** Opening Recorded data block **
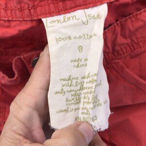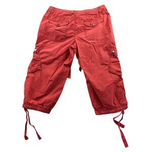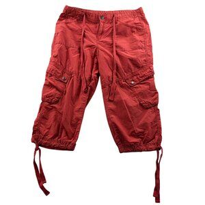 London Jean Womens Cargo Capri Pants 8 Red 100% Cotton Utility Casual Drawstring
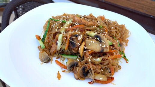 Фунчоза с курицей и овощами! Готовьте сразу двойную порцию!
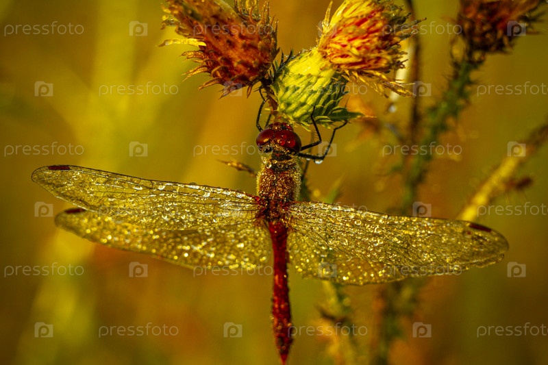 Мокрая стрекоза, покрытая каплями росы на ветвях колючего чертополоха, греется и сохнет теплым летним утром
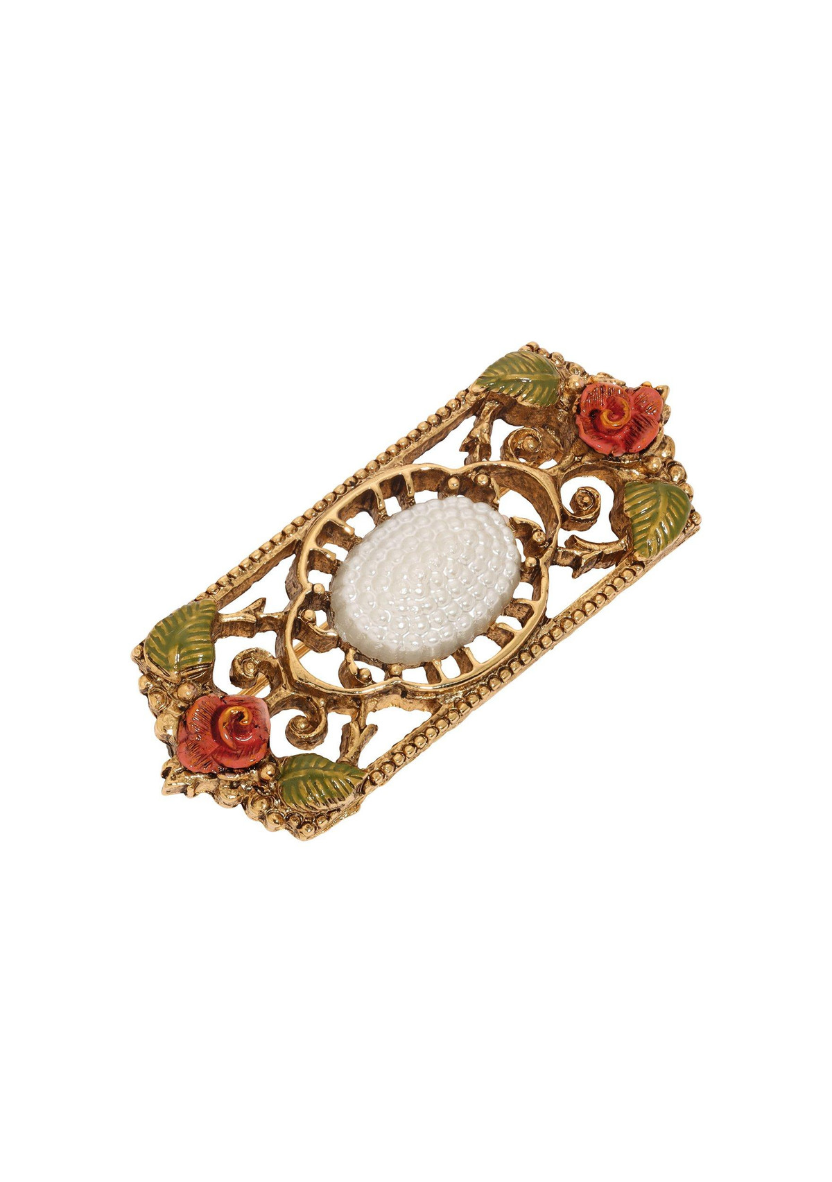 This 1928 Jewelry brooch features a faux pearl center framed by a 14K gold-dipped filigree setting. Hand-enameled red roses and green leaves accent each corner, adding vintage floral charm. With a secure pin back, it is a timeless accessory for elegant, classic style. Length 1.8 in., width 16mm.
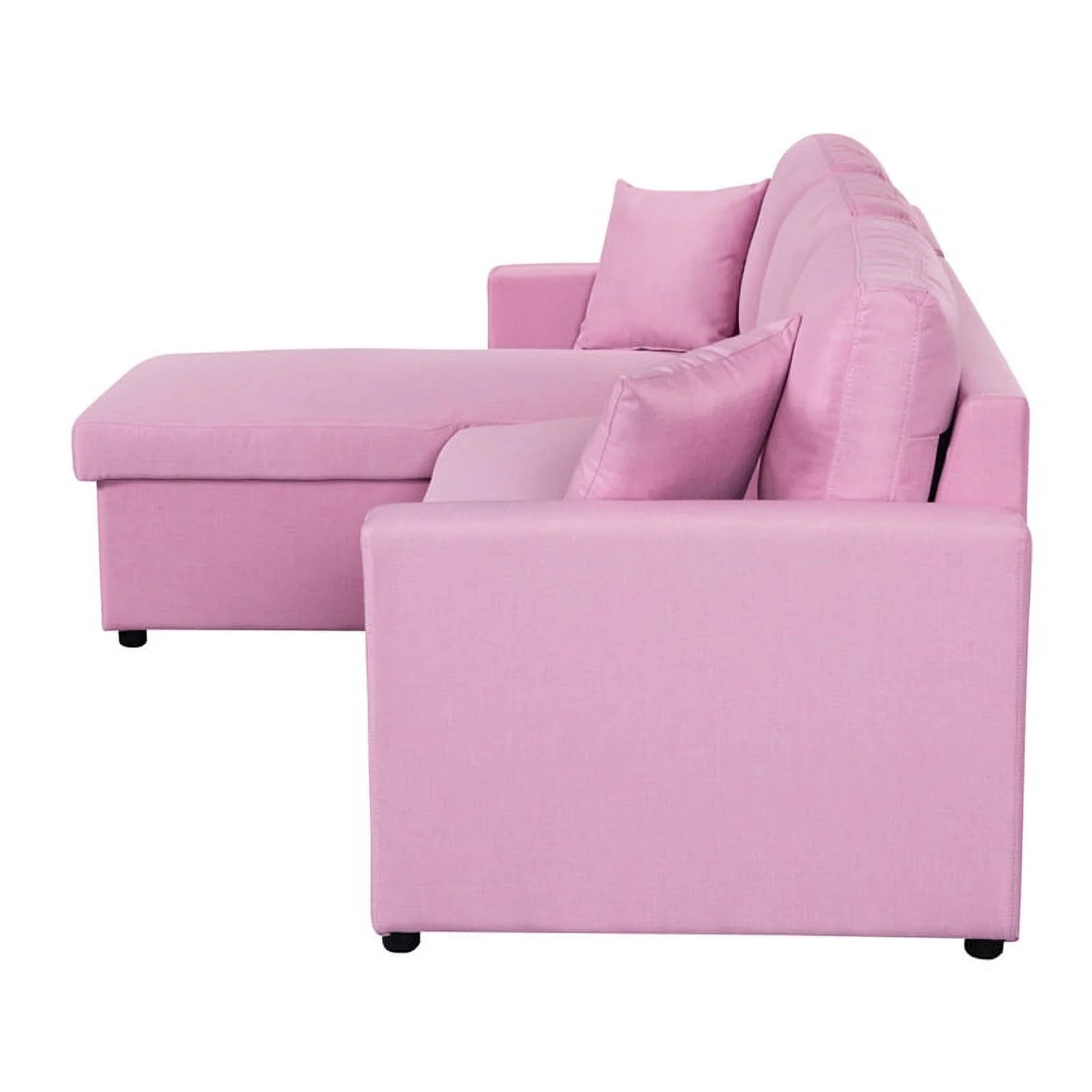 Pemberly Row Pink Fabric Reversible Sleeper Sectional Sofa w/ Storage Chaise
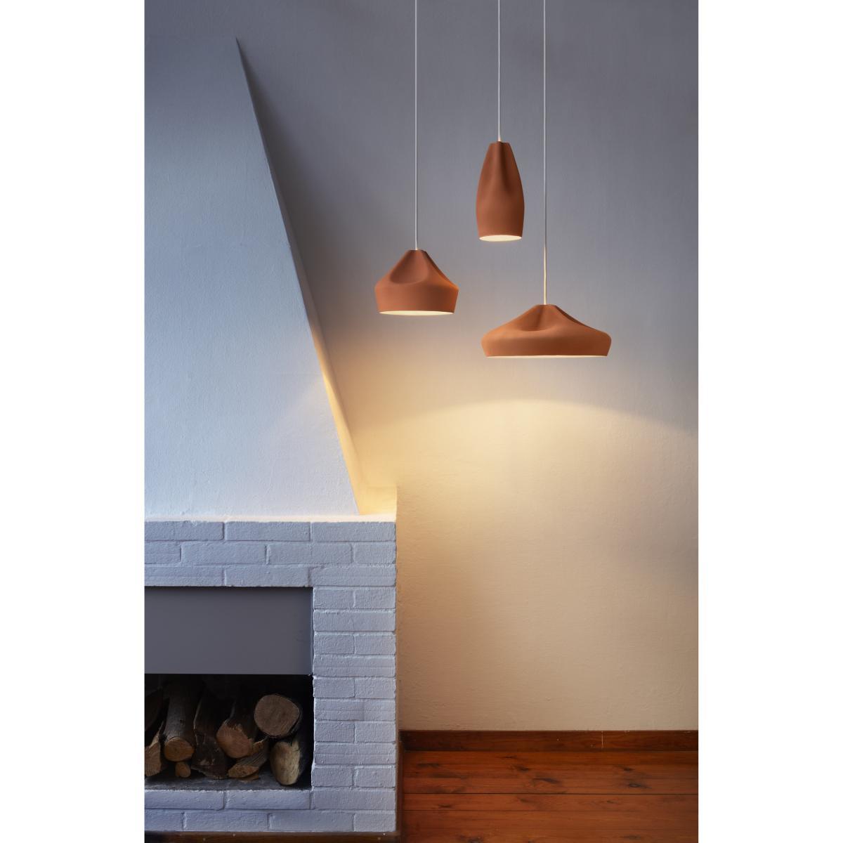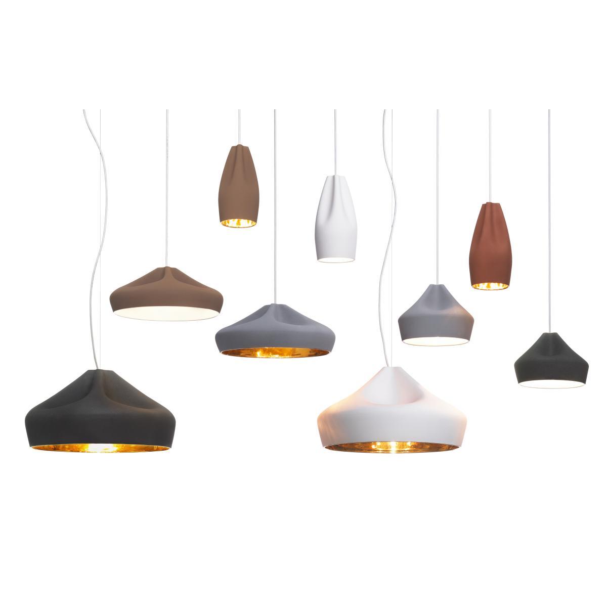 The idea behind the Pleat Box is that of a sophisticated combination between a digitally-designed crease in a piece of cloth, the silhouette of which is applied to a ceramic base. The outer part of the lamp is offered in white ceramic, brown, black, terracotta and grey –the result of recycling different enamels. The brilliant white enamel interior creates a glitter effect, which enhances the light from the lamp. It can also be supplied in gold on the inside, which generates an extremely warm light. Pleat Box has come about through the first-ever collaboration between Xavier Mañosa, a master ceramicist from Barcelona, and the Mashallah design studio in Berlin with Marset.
** Closing Recorded data block **
** Opening Recorded data block **
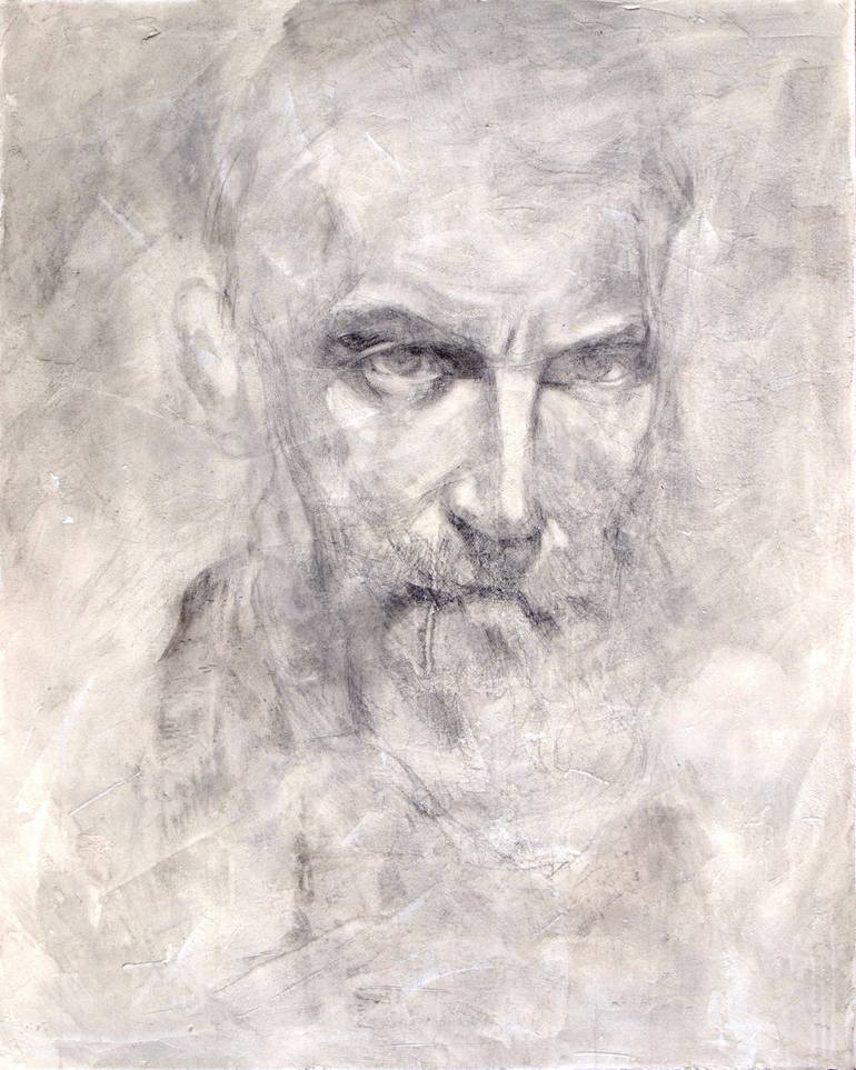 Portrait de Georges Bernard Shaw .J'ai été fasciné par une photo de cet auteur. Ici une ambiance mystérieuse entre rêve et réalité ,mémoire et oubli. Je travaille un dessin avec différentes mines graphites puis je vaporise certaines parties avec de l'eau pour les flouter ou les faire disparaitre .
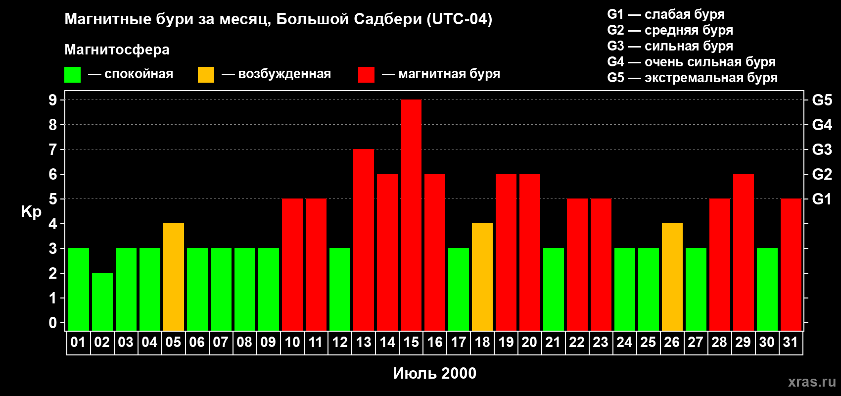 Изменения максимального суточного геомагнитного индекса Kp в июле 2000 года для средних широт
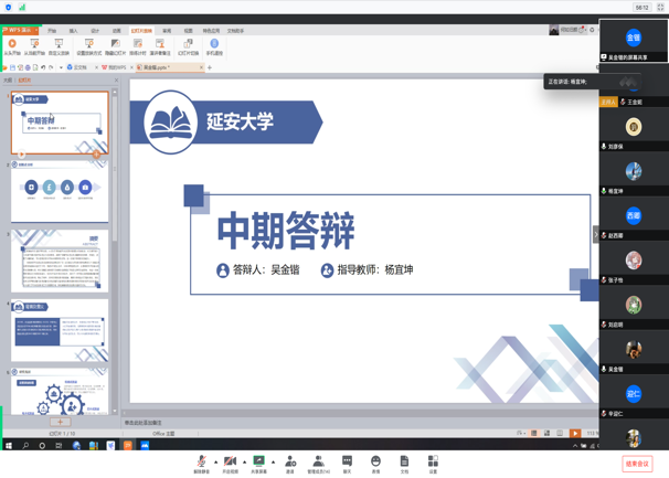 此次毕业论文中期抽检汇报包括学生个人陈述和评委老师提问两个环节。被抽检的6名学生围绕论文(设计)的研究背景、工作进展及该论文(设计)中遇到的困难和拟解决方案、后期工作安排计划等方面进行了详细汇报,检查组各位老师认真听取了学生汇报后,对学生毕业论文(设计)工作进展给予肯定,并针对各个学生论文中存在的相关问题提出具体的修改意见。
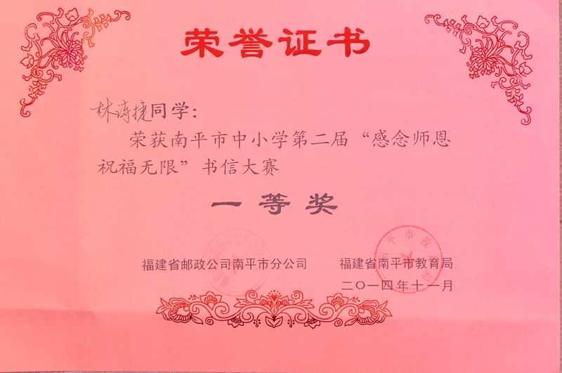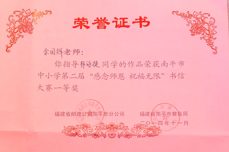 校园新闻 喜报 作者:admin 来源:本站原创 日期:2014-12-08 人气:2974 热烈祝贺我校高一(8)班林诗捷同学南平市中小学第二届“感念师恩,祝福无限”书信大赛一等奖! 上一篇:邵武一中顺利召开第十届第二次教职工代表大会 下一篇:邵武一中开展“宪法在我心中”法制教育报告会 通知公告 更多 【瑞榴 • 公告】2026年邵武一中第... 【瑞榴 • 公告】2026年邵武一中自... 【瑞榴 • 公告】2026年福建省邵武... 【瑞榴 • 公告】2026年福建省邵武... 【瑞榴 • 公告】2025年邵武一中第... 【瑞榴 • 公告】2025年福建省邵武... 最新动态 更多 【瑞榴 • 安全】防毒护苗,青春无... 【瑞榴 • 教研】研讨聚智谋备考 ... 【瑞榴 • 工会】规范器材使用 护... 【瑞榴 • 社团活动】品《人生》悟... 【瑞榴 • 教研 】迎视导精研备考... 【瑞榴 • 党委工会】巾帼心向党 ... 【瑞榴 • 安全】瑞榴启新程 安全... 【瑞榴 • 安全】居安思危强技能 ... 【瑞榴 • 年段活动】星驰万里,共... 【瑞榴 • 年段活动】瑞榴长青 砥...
** Closing Recorded data block **
→ Task details
What you write must match the listing exactly, from the line with "此次毕业论文中期抽检汇报包括" up to and including the line with "校园新闻 喜报 作者:admin". Pictures stay out.

→ Exercise response
 此次毕业论文中期抽检汇报包括学生个人陈述和评委老师提问两个环节。被抽检的6名学生围绕论文(设计)的研究背景、工作进展及该论文(设计)中遇到的困难和拟解决方案、后期工作安排计划等方面进行了详细汇报,检查组各位老师认真听取了学生汇报后,对学生毕业论文(设计)工作进展给予肯定,并针对各个学生论文中存在的相关问题提出具体的修改意见。
 校园新闻 喜报 作者:admin 来源:本站原创 日期:2014-12-08 人气:2974 热烈祝贺我校高一(8)班林诗捷同学南平市中小学第二届“感念师恩,祝福无限”书信大赛一等奖! 上一篇:邵武一中顺利召开第十届第二次教职工代表大会 下一篇:邵武一中开展“宪法在我心中”法制教育报告会 通知公告 更多 【瑞榴 • 公告】2026年邵武一中第... 【瑞榴 • 公告】2026年邵武一中自... 【瑞榴 • 公告】2026年福建省邵武... 【瑞榴 • 公告】2026年福建省邵武... 【瑞榴 • 公告】2025年邵武一中第... 【瑞榴 • 公告】2025年福建省邵武... 最新动态 更多 【瑞榴 • 安全】防毒护苗,青春无... 【瑞榴 • 教研】研讨聚智谋备考 ... 【瑞榴 • 工会】规范器材使用 护... 【瑞榴 • 社团活动】品《人生》悟... 【瑞榴 • 教研 】迎视导精研备考... 【瑞榴 • 党委工会】巾帼心向党 ... 【瑞榴 • 安全】瑞榴启新程 安全... 【瑞榴 • 安全】居安思危强技能 ... 【瑞榴 • 年段活动】星驰万里,共... 【瑞榴 • 年段活动】瑞榴长青 砥...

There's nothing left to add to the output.